# [Task to carry out]
What are the lines from the one with "I have to admit" through the end of the records below, written out exactly and without the pictures?

Source data:
------------------------------------------------------------

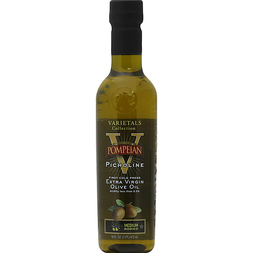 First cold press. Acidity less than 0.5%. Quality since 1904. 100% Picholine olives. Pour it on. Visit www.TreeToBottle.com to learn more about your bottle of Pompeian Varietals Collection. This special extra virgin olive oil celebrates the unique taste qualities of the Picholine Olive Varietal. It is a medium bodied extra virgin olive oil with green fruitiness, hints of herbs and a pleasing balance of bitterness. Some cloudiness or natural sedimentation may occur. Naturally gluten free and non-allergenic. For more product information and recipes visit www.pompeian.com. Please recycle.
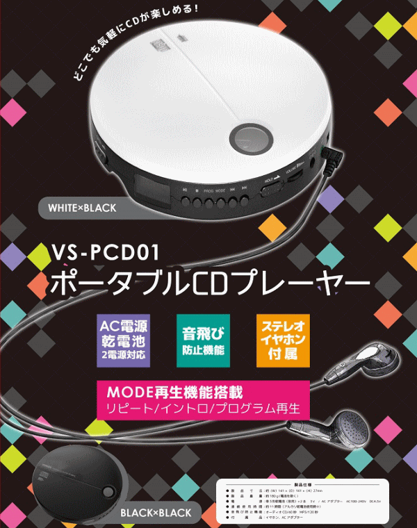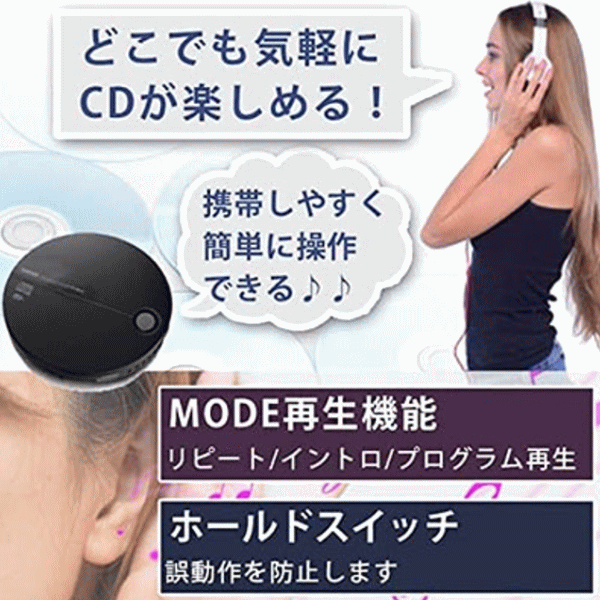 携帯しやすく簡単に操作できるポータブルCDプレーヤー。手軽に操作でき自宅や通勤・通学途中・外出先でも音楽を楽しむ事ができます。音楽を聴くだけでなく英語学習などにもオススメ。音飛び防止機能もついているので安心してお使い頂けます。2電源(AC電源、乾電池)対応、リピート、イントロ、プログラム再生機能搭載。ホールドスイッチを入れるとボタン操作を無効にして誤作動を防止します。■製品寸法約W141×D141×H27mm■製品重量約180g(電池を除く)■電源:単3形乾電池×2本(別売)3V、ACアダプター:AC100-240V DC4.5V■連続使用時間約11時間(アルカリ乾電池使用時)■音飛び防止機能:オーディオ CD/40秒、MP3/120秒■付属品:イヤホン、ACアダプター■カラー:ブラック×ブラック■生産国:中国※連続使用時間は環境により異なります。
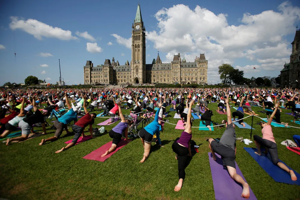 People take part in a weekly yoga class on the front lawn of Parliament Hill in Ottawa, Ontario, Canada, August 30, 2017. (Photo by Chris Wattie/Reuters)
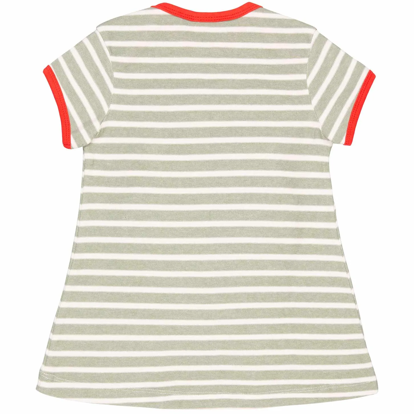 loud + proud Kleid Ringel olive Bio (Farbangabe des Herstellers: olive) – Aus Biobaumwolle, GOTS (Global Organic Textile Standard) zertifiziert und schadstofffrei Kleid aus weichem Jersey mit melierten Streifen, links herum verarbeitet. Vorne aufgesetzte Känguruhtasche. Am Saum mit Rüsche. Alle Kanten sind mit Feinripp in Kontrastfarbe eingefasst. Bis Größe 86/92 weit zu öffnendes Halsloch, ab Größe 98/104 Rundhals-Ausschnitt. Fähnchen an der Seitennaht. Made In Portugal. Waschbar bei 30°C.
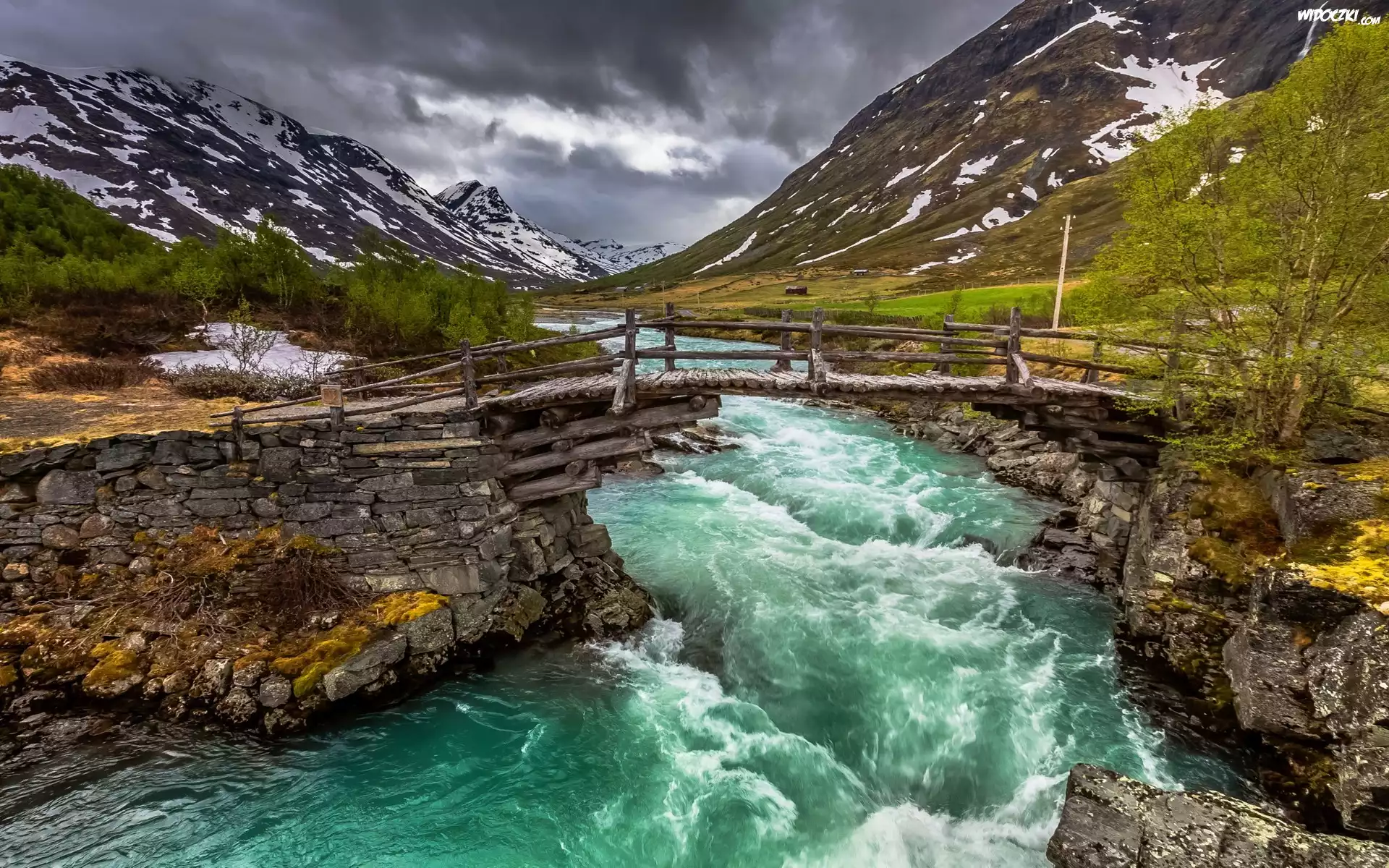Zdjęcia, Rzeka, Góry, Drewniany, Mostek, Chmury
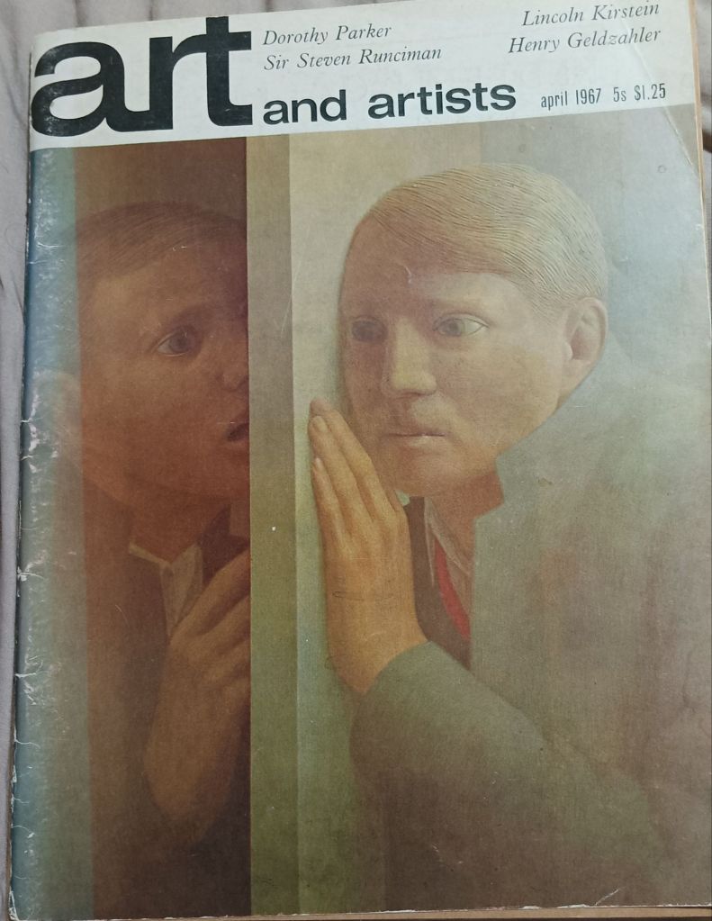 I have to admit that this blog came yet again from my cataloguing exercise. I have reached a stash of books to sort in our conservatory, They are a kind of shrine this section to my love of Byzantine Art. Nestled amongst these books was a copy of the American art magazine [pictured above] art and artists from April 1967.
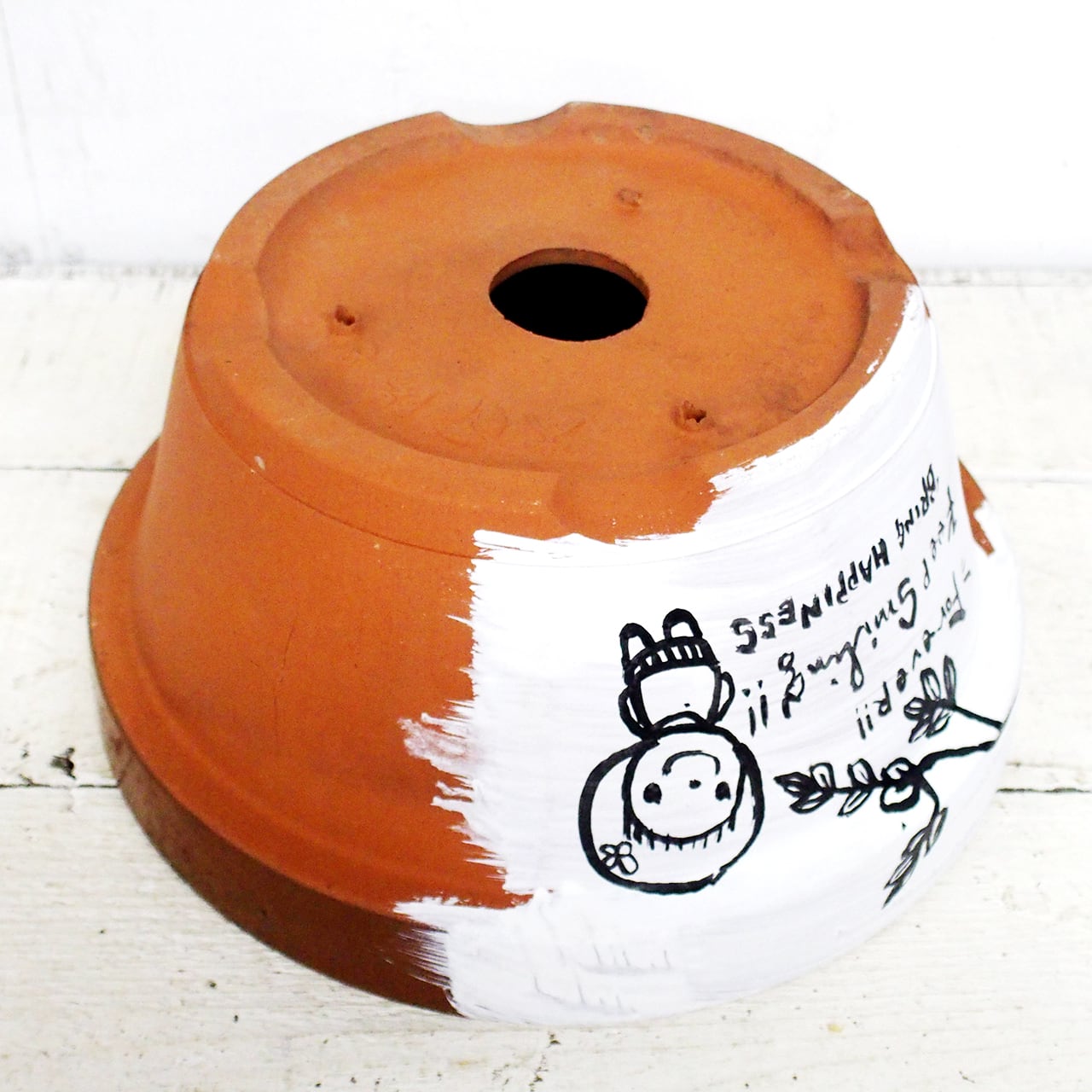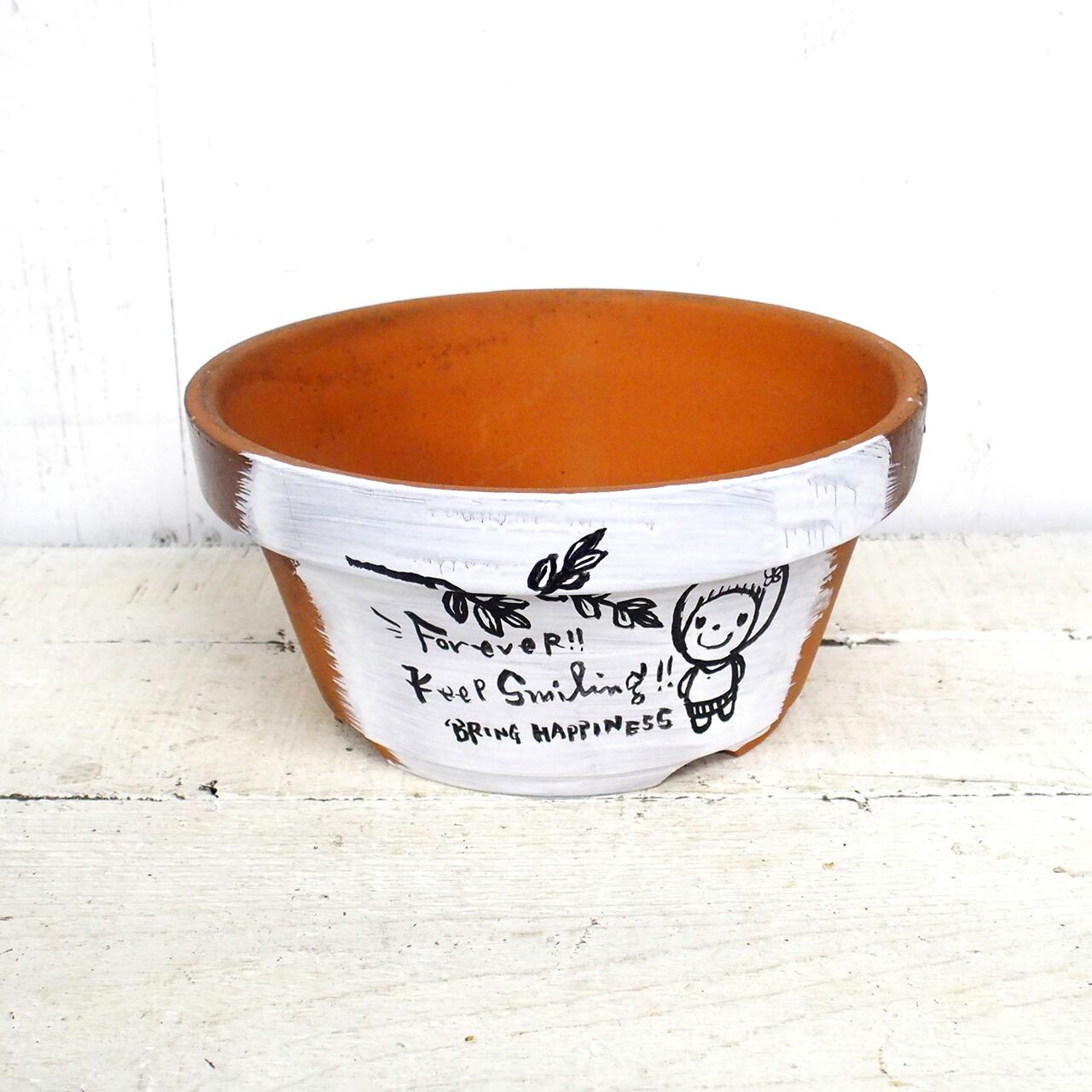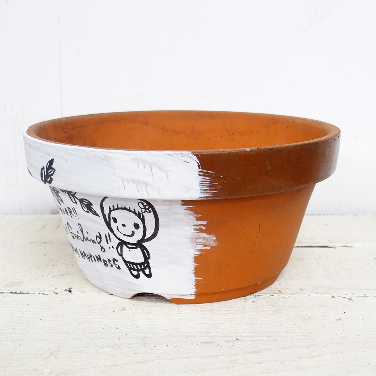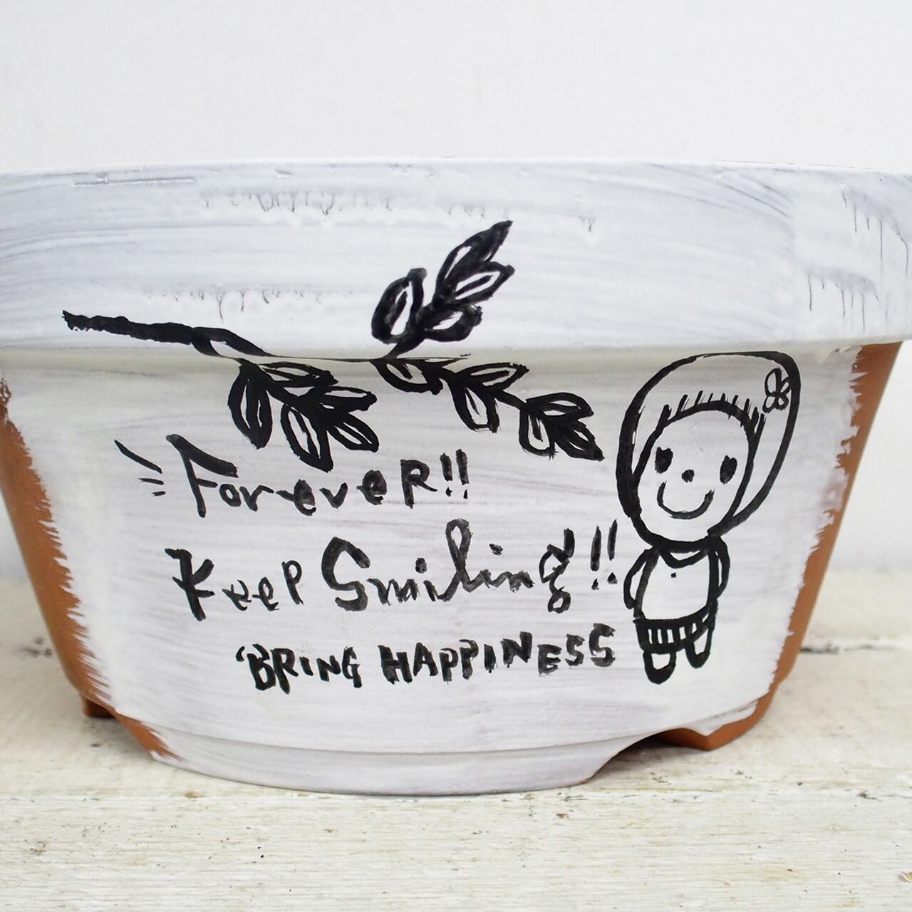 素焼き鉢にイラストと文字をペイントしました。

------------------------------------------------------------

# [Output]
 I have to admit that this blog came yet again from my cataloguing exercise. I have reached a stash of books to sort in our conservatory, They are a kind of shrine this section to my love of Byzantine Art. Nestled amongst these books was a copy of the American art magazine [pictured above] art and artists from April 1967.
 素焼き鉢にイラストと文字をペイントしました。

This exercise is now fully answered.